**Records contained in a dataset**
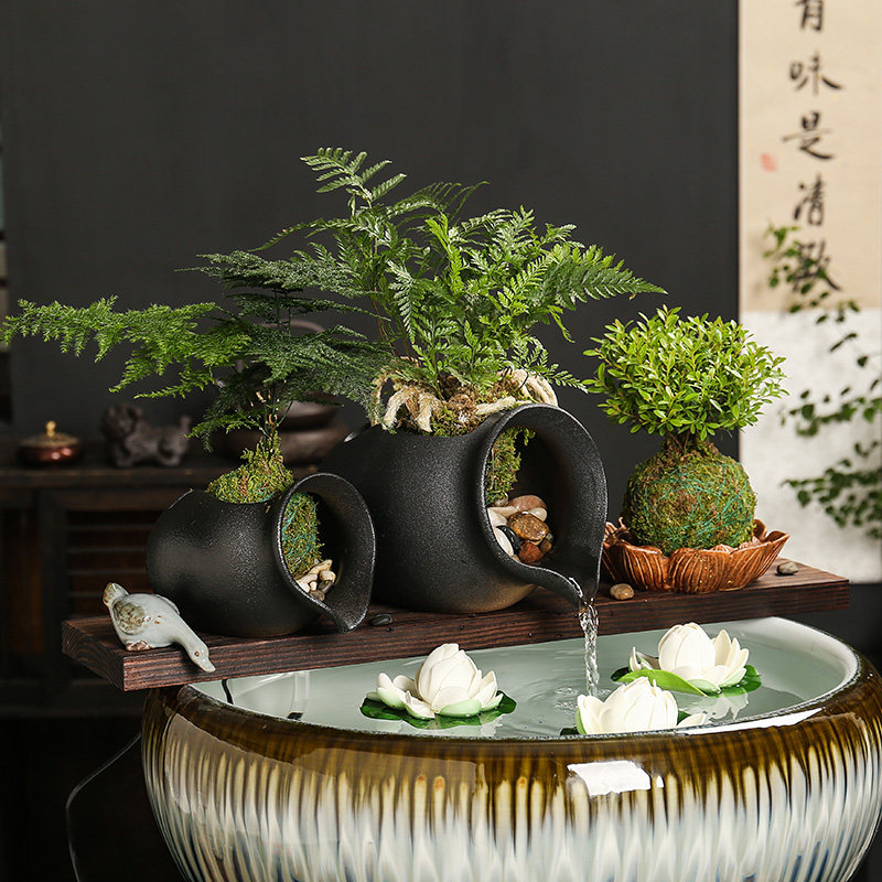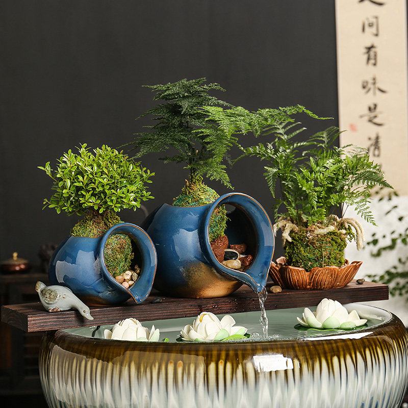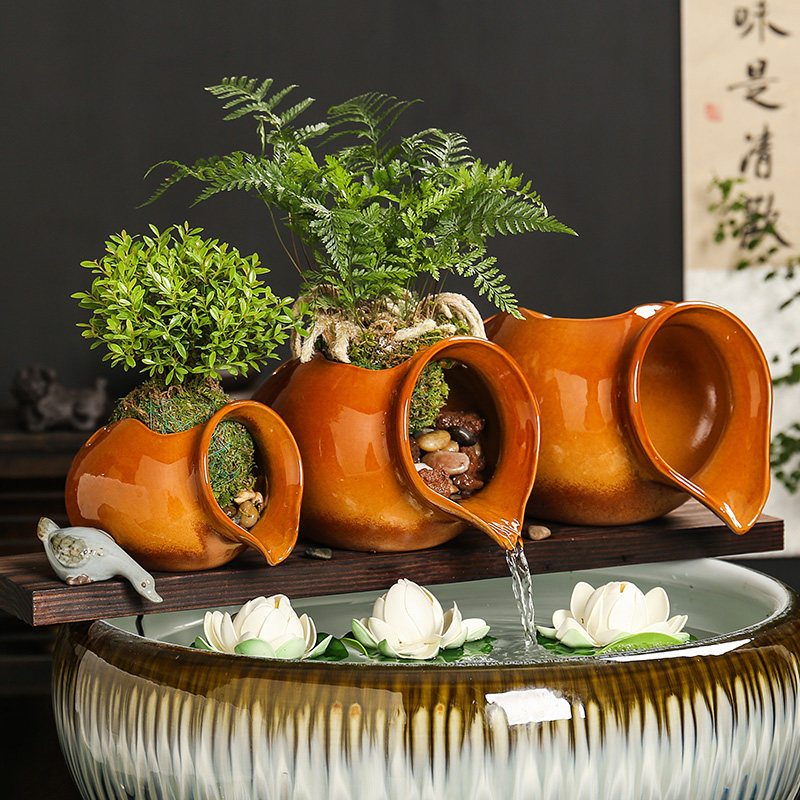 推荐理由:生态流水鱼缸开口陶瓷罐摆件循环过滤懒人缸配件庭院花园造景装饰
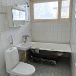 Kylpyhuoneessa amme ja pesukoneliitäntä.
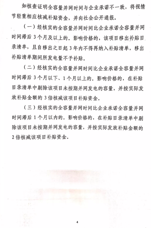 對于“部分并網保電價”的項目而言,這一辦法可能帶來較大影響。根據《辦法》規定,如經核實的全容量并網時間比企業承諾全容量并網時間滯后3個月及以上,該項目移出補貼目錄清單,且自移出之日起3年內不得再納入補貼清單,移出補貼清單期間所發電量不予補貼。如經核實的全容量并網時間比企業承諾全容量并網時間滯后3個月以下、1個月以上,在補貼目錄清單中剔除該項目未按期并網發電的容量,并按實際發放補貼金額的3倍核減該項目補貼資金。對于全容量并網時間比企業承諾全容量并網時間滯后1個月以內的項目,在補貼目錄清單中剔除該項目未按期并網發電的容量,并按實際發放補貼金額的2倍核減該項目補貼資金。
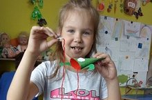 Сегодня на занятии по конструированию. Воспитанники старшей группы вместе с воспитателем Александрой Гильвановой изготовили тренажер из бумаги "Лягушка". Данный тренажер помогает развивать ловкость.
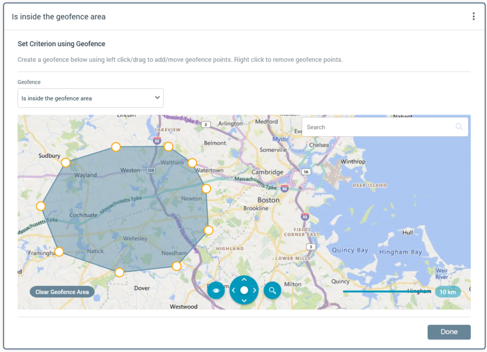 Clear Geofence Area: this button is enabled when a geofence has been added to the map. Clicking it removes the geofence.
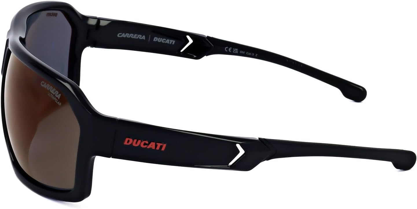 Carrera Sunglasses. Series number: CARRERA DUCATI 020/S. Color code: 0807/H4. Shape: Wrap. Lens Width: 66 mm. Lens Bridge: 13 mm. Arm Length: 130 mm. 100% UV protection. Polarized. Frame Material: Plastic. Frame Color: Black. Lenses Type: Polarized Red Mirror. Rim Style: Full-Rim. UPC/EAN code: 716736797090. Carrera Polarized Red Mirror Wrap Men's Sunglasses CARRERA DUCATI 020/S 0807/H4 66. Manufacturer's Packaging Included. Packaging Size And Color May Vary.
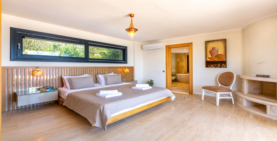 1. Yatak Odası : Süit oda çift kişilik yatak, komodin, klima, elbise dolabı, makyaj masası, banyo ve tuvalet bulunmaktadır.
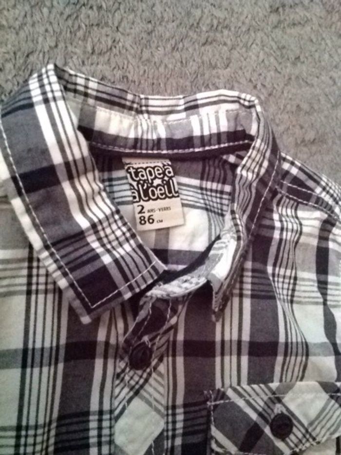 Chemise à carreau bleu marine et blanche en parfait état avec une poche sur le devant - Tape à l'oeil #cath_moi24moisgarçon D'autres modèles et marques disponibles pour garçon du prématuré au 8 ans et pour fille du naissance au 36 mois dont Timberland, Bout'chou, Zara, Jacadi, Tape à l'œil, Okaidi, DKNY, Monoprix....
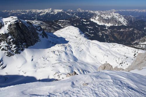 Ausblick nach Norden über den schneebedeckten Gamskogel (?) zum Plassen und zu den Salzkammergutbergen.
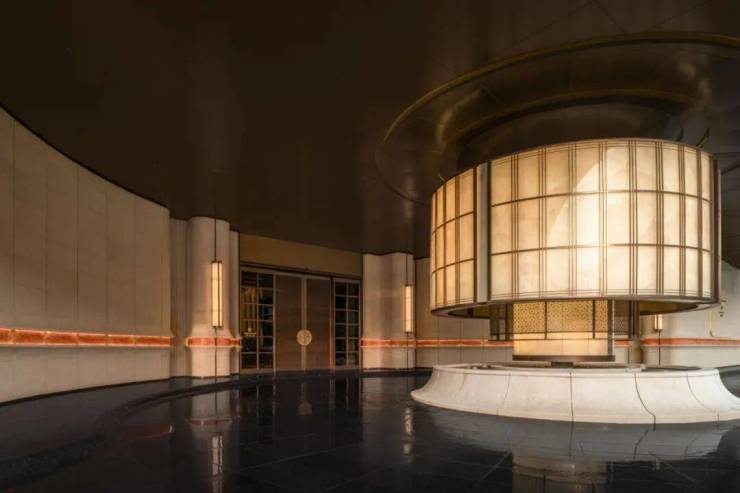 另外,项目首层通过硬朗直线呼应柔和曲线勾勒,辅以温润石材与古铜色金属线条融合,打造东西方美学共融的艺术藏品
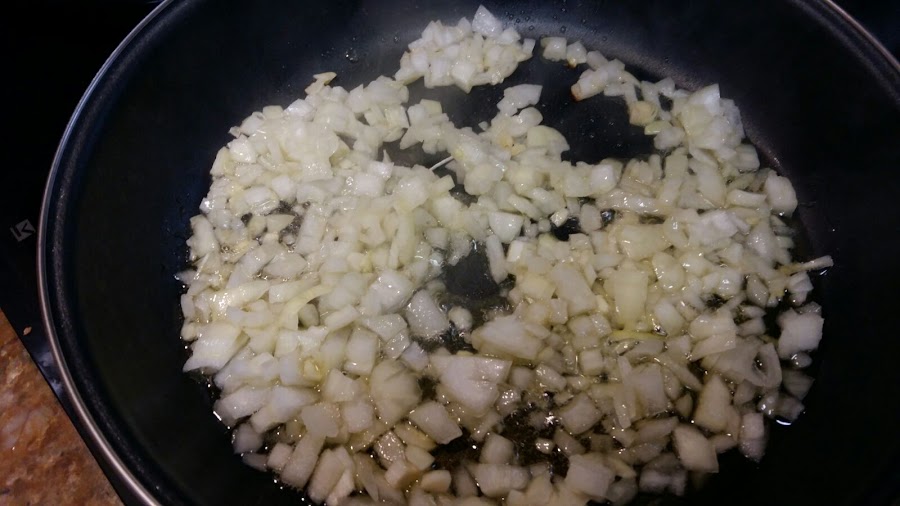 Cortamos la cebolla en trocitos y la sofreímos un poco.
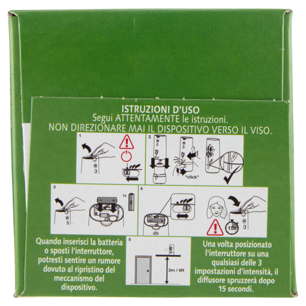 Una volta posizionato l'interruttore su una qualsiasi delle 3 impostazioni d'intensità, il diffusore spruzzerà dopo 15 secondi.
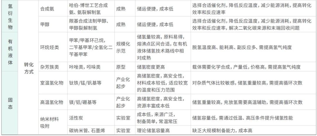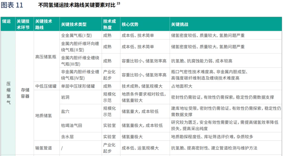 按照产业链的不同环节,氢储运的关键技术可以分为转化方式、储存容器和运输工具三个部分。转化方式板块主要关注如何以最低的能耗和成本, 将氢气转化为更易于储存的形态;储存容器板块聚焦于设计和优化能够安全高效地存储氢气或其转化产物的容器;运输工具板块则关注开发能够高效、便捷地运输氢或储氢容器的运输工具。根据氢气转化过程及转化产物的特点,不同的技术路线在关键技术环节上有所不同,且各环节处于不同的技术成熟度阶段。每种技术路线都有其独特的优势与面临的挑战。图表 11 总结了各技术路线的具体情况。

**Task to carry out**
Every entry above has to be repeated exactly, apart from its pictures.

**Answer space**
 推荐理由:生态流水鱼缸开口陶瓷罐摆件循环过滤懒人缸配件庭院花园造景装饰
 Kylpyhuoneessa amme ja pesukoneliitäntä.
 對于“部分并網保電價”的項目而言,這一辦法可能帶來較大影響。根據《辦法》規定,如經核實的全容量并網時間比企業承諾全容量并網時間滯后3個月及以上,該項目移出補貼目錄清單,且自移出之日起3年內不得再納入補貼清單,移出補貼清單期間所發電量不予補貼。如經核實的全容量并網時間比企業承諾全容量并網時間滯后3個月以下、1個月以上,在補貼目錄清單中剔除該項目未按期并網發電的容量,并按實際發放補貼金額的3倍核減該項目補貼資金。對于全容量并網時間比企業承諾全容量并網時間滯后1個月以內的項目,在補貼目錄清單中剔除該項目未按期并網發電的容量,并按實際發放補貼金額的2倍核減該項目補貼資金。
 Сегодня на занятии по конструированию. Воспитанники старшей группы вместе с воспитателем Александрой Гильвановой изготовили тренажер из бумаги "Лягушка". Данный тренажер помогает развивать ловкость.
 Clear Geofence Area: this button is enabled when a geofence has been added to the map. Clicking it removes the geofence.
 Carrera Sunglasses. Series number: CARRERA DUCATI 020/S. Color code: 0807/H4. Shape: Wrap. Lens Width: 66 mm. Lens Bridge: 13 mm. Arm Length: 130 mm. 100% UV protection. Polarized. Frame Material: Plastic. Frame Color: Black. Lenses Type: Polarized Red Mirror. Rim Style: Full-Rim. UPC/EAN code: 716736797090. Carrera Polarized Red Mirror Wrap Men's Sunglasses CARRERA DUCATI 020/S 0807/H4 66. Manufacturer's Packaging Included. Packaging Size And Color May Vary.
 1. Yatak Odası : Süit oda çift kişilik yatak, komodin, klima, elbise dolabı, makyaj masası, banyo ve tuvalet bulunmaktadır.
 Chemise à carreau bleu marine et blanche en parfait état avec une poche sur le devant - Tape à l'oeil #cath_moi24moisgarçon D'autres modèles et marques disponibles pour garçon du prématuré au 8 ans et pour fille du naissance au 36 mois dont Timberland, Bout'chou, Zara, Jacadi, Tape à l'œil, Okaidi, DKNY, Monoprix....
 Ausblick nach Norden über den schneebedeckten Gamskogel (?) zum Plassen und zu den Salzkammergutbergen.
 另外,项目首层通过硬朗直线呼应柔和曲线勾勒,辅以温润石材与古铜色金属线条融合,打造东西方美学共融的艺术藏品
 Cortamos la cebolla en trocitos y la sofreímos un poco.
 Una volta posizionato l'interruttore su una qualsiasi delle 3 impostazioni d'intensità, il diffusore spruzzerà dopo 15 secondi.
 按照产业链的不同环节,氢储运的关键技术可以分为转化方式、储存容器和运输工具三个部分。转化方式板块主要关注如何以最低的能耗和成本, 将氢气转化为更易于储存的形态;储存容器板块聚焦于设计和优化能够安全高效地存储氢气或其转化产物的容器;运输工具板块则关注开发能够高效、便捷地运输氢或储氢容器的运输工具。根据氢气转化过程及转化产物的特点,不同的技术路线在关键技术环节上有所不同,且各环节处于不同的技术成熟度阶段。每种技术路线都有其独特的优势与面临的挑战。图表 11 总结了各技术路线的具体情况。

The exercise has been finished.